Agent / investor pros and cons

5 Replies

Hi BP Family ! it's been a while, I hope everything is going well for everyone . I was just curious how having your real estate license influenced you're investing. Is the trade off between liability and access worth it?. Have you found that being able to submit offers on your own and not have to wait on an agent advantageous? Has being an agent enabled you to take advantage of more opportunities increase your net worthas opposed to just being an investor? As you can see im considering getting in the business but want to get some insight from someone who has been able to take full advantage of both sides of the coin. Thanks! Talk to you soon.

@Ramon Moreno , for about 10 years I invested without a license, always thinking that I didn't have time to take the class and it would be a bigger liability to deal with paperwork when I could be doing more deals. 

Fast forward to 2017, and now that I have a license I regret not getting it sooner. If you're a flipper, the sheer savings of buying and selling far out weigh any extra hassle you go through. As a wholesaler, it makes the argument that you're brokering a deal without a license a mute point. The ability to run comps whenever you want is really sweet. I'd go with an investor focused realty to hold your license as opposed to the big name companies. This allows you to keep your costs down and keep more of your commissions.

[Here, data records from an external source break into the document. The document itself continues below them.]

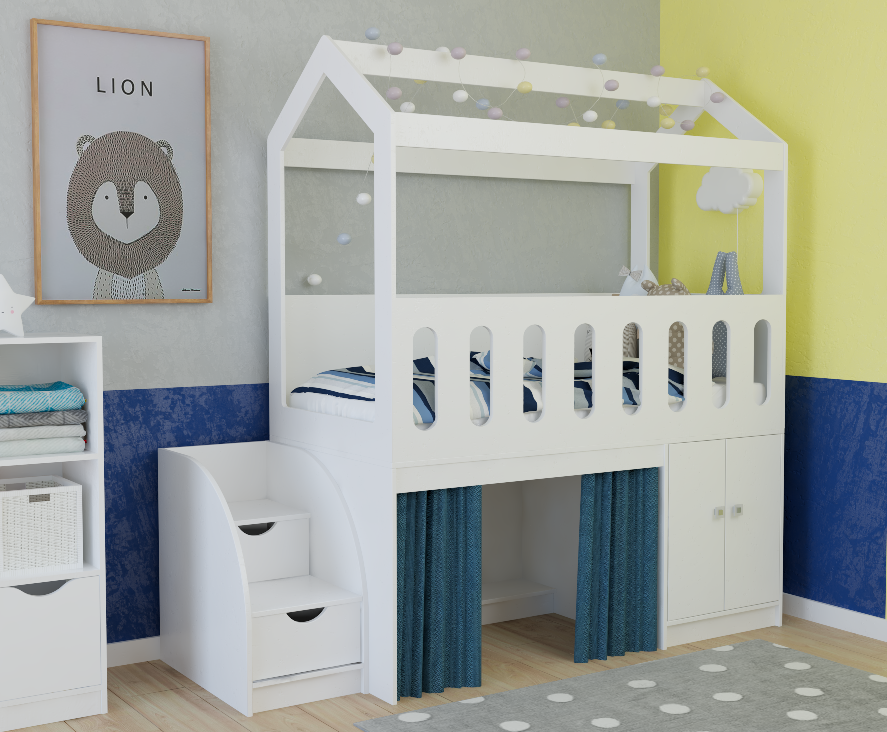 Ниша под кроватью с полочками - дополнительное место для хранения любимых игрушек.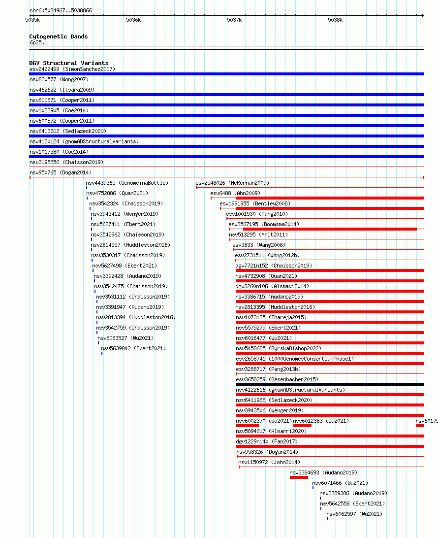Variant DetailsVariant: nsv950765| Internal ID | 17299639 | | Landmark | | | Location Information | | | Cytoband | 6p25.1 | | Allele length | | Assembly | Allele length | | hg38 | 3900 | | hg19 | 3900 |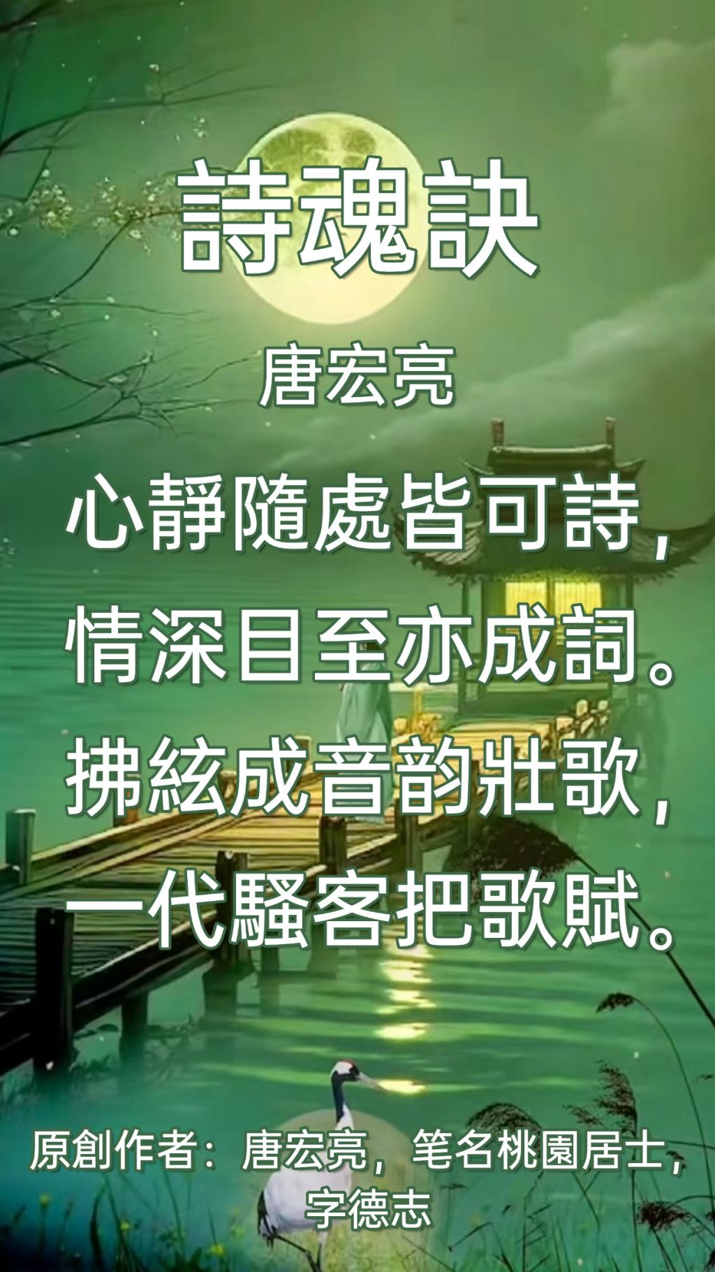 总体而言,唐宏亮老师的《诗魂诀》不仅展现了诗人的深厚文学素养,也让人感受到了诗歌创作中的艺术灵感与情感表达。荣获特等奖,不仅是对作品的肯定,也是对唐宏亮老师诗歌才华的高度评价。希望唐宏亮老师继续在诗歌的创作中深耕,创作出更多充满艺术魅力与思想深度的作品。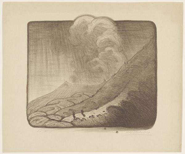 Wijnand Otto Jan Nieuwenkamp made this intriguing print, Vlucht voor de bui, using an etching technique. The mark-making is all about texture, building up a complex network of lines to create depth and drama. There's this incredible swirling pattern to the lines, especially in the 'storm' overhead, that feels almost alive. It's like the weather itself is breathing down on the figure, who is hunched over, seeking shelter. You can almost feel the weight of the storm. Look closely at how Nieuwenkamp varies the density of the lines. It creates a fantastic contrast between the solid, tactile surfaces of the fallen tree, and the airy, almost chaotic atmosphere of the storm. It makes me think of Piranesi, with his dramatic use of light and shadow and his knack for turning architecture into something almost menacing. But here, it's nature that's doing the menacing, and it's utterly captivating.

Not to mention the extra income stream of helping friends and family with listing their houses for sale. Selling is easy - take pictures, throw it up on the MLS and let the other agents bring you buyers.

@Neil Goradia could you explain a little bit more what is an investor focused firm? I just pass my real estate test and I'm interviewing with firms in the area

If you plan on doing more than two or three deals a year you should absolutely get your license. Since getting my license I have been introduced to opportunities that I never knew existed.

@Patricia Vildozo , here in Indy the big names are FC Tucker, Century 21, Berkshire Hathaway, etc. They usually have a commission split as follows: 50% of your income goes back to them until you hit a magic number, sometimes over $1 Million in sales. There are many variations to this, but regardless it takes a while to achieve real income.

Conversely, smaller/investor friendly firms can be started by anyone after a few years being a normal agent. There are many to choose from in your local area, all of which offer better commission splits. Usually you make 80% of your commission and only have to pay back 20% to them. Plus their clientele are investors meaning while working there you get to meet a lot of potential clients and learn a lot on the investing side, which will help your business.